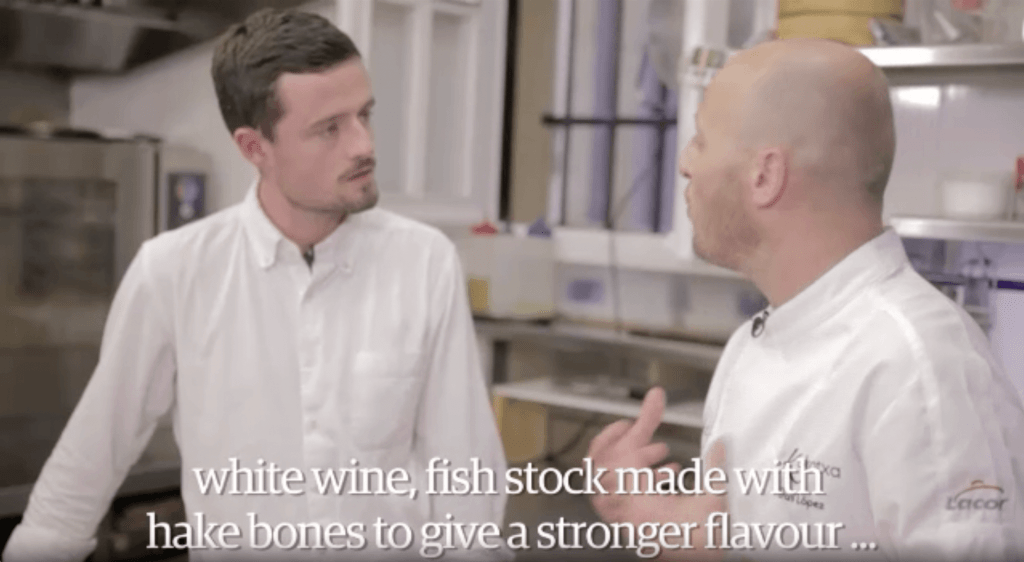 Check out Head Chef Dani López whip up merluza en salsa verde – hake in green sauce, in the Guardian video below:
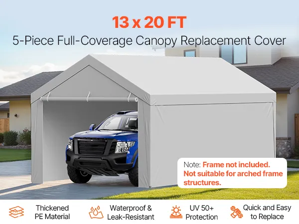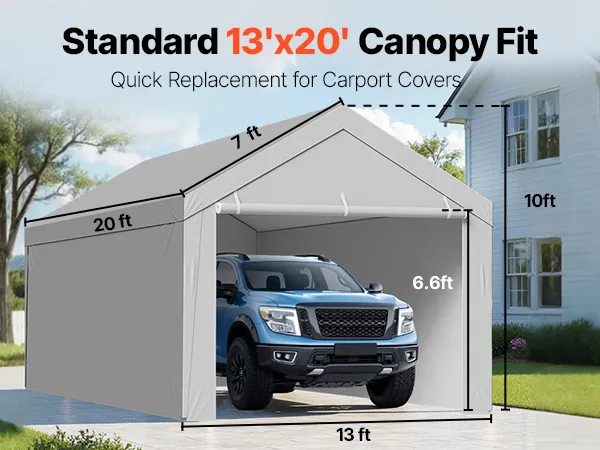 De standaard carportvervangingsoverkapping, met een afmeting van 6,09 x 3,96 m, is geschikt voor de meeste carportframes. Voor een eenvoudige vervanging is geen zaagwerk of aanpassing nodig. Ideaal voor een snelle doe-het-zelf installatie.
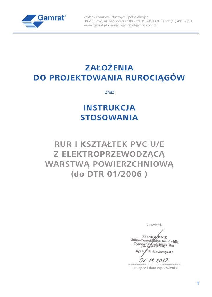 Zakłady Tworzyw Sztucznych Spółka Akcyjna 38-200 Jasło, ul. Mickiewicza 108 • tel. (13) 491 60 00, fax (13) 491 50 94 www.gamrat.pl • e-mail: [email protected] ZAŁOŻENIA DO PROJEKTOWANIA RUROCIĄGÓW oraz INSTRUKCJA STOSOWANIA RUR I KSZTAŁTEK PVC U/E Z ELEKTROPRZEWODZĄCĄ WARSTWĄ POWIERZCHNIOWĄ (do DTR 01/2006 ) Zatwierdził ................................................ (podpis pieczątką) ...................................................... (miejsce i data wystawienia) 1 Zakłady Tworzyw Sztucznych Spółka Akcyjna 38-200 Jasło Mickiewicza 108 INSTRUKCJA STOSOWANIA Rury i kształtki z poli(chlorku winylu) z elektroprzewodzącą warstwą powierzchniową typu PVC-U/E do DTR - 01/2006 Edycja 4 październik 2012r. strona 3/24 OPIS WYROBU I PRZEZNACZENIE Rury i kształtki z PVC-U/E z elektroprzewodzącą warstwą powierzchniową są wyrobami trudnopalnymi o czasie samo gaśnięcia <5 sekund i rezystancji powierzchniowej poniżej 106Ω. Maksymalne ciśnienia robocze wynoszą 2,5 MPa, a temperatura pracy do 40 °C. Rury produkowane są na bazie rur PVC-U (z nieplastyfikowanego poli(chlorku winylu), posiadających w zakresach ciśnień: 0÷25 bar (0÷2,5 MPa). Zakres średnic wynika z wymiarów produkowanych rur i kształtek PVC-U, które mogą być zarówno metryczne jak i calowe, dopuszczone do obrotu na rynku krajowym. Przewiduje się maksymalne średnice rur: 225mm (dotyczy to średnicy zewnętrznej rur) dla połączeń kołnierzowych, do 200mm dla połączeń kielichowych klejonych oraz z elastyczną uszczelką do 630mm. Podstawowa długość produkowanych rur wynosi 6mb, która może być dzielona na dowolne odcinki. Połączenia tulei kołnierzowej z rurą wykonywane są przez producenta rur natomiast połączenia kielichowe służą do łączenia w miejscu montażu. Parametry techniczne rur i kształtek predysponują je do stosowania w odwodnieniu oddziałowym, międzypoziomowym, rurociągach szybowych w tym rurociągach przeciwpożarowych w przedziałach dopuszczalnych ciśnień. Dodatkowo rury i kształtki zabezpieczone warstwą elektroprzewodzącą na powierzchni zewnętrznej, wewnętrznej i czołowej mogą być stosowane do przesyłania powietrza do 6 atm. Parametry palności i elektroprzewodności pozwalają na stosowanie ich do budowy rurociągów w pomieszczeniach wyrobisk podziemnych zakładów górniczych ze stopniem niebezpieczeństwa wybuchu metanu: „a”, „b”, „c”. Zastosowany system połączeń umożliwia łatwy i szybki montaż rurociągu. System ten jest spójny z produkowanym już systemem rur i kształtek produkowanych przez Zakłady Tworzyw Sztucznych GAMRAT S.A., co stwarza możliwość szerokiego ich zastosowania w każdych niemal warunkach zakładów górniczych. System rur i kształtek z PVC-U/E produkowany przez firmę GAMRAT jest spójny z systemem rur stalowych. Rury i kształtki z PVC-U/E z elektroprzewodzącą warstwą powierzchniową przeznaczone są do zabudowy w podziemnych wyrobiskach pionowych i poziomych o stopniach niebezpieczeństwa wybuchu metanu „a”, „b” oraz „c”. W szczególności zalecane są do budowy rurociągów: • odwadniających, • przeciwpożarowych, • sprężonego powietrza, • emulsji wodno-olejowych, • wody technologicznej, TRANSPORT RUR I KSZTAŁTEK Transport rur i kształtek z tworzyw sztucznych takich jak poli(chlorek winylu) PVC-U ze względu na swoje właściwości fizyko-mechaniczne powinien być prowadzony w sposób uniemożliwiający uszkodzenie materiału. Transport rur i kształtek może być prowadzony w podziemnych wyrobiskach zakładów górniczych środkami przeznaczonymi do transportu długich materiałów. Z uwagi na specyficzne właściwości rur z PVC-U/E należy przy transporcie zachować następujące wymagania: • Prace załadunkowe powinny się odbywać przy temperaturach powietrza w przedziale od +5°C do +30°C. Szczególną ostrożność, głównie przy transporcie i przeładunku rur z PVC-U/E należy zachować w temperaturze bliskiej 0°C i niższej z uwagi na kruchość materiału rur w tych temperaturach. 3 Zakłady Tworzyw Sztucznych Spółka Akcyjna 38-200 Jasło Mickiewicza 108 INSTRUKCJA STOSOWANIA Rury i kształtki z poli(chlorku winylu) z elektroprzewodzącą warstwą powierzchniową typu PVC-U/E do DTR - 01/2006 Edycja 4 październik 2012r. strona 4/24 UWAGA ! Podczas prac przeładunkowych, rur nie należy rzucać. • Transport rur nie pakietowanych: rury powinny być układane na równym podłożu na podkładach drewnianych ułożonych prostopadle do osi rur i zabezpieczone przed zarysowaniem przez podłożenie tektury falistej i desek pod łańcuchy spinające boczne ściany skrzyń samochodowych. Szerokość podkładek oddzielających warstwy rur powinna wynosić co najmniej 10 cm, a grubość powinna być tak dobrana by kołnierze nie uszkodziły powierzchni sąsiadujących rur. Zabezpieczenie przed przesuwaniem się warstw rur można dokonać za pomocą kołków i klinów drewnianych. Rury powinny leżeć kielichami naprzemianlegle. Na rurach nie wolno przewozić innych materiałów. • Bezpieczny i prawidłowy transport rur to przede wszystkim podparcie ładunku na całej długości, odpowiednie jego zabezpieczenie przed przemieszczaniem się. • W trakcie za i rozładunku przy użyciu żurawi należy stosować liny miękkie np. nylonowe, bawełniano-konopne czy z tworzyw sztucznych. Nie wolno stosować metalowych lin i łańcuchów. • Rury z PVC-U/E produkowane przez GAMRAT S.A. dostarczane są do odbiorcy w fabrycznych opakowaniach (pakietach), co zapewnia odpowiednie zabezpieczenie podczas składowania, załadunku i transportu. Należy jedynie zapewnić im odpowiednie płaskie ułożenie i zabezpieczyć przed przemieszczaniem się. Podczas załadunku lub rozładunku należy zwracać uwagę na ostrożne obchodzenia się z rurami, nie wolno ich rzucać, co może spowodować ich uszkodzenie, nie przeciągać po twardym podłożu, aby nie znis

☆ ☆ ☆

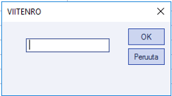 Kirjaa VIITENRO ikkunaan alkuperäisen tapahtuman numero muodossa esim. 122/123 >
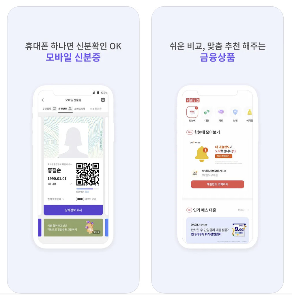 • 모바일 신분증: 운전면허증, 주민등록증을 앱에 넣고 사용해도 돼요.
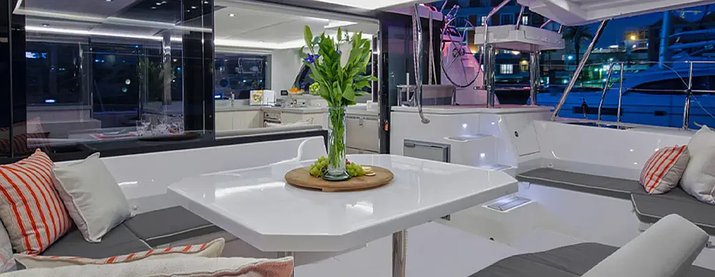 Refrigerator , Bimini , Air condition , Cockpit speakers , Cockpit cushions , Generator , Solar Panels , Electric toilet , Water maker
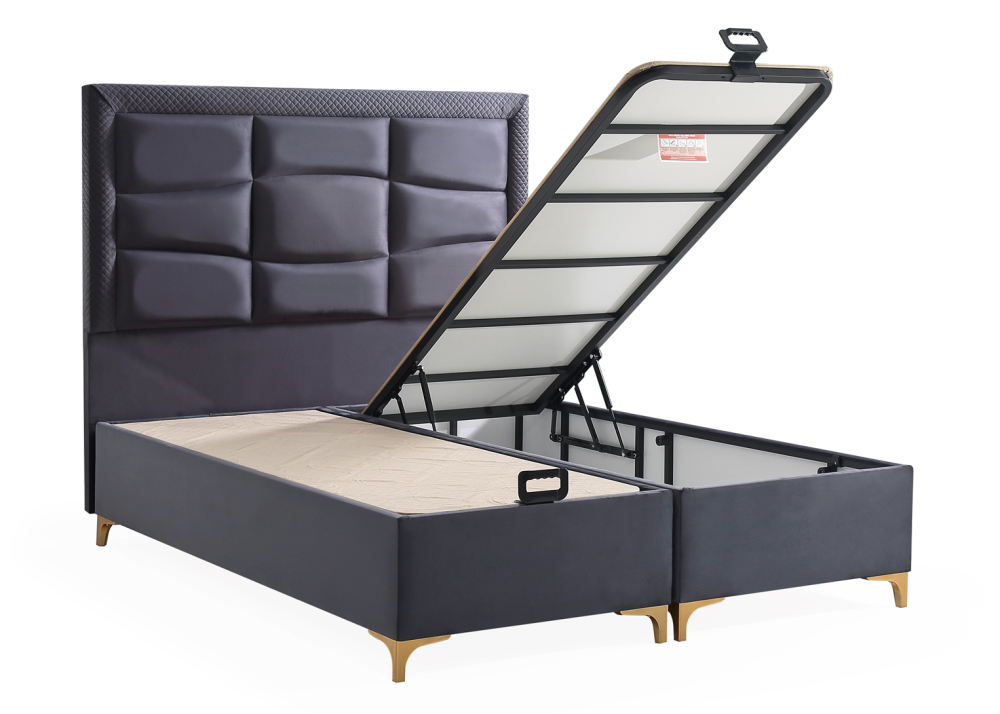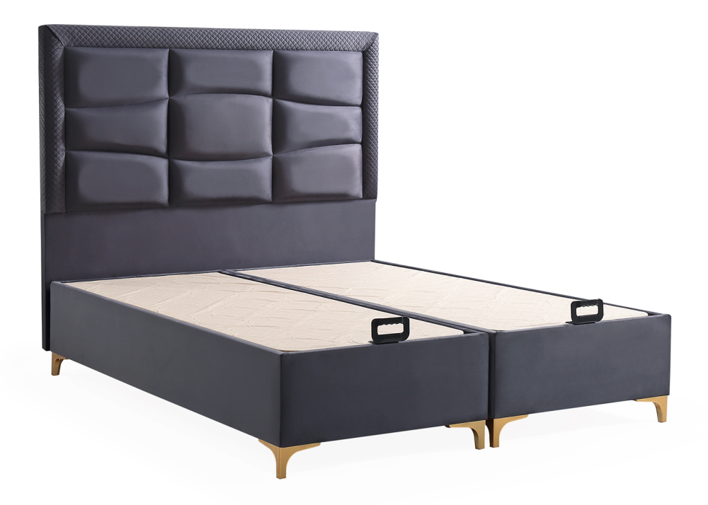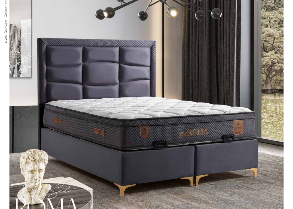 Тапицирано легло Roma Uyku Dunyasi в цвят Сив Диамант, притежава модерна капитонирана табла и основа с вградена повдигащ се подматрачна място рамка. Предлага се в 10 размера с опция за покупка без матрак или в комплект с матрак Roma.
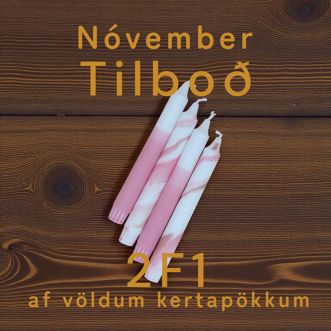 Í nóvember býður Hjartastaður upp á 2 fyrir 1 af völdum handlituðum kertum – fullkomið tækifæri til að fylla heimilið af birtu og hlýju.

☆ ☆ ☆

Your instructions:
Output exactly, and only, the lines of the entries above from the one with "Check out Head" up to and including the one with "De standaard carportvervangingsoverkapping, met"; pictures are to be left out.

Your response:
 Check out Head Chef Dani López whip up merluza en salsa verde – hake in green sauce, in the Guardian video below:
 De standaard carportvervangingsoverkapping, met een afmeting van 6,09 x 3,96 m, is geschikt voor de meeste carportframes. Voor een eenvoudige vervanging is geen zaagwerk of aanpassing nodig. Ideaal voor een snelle doe-het-zelf installatie.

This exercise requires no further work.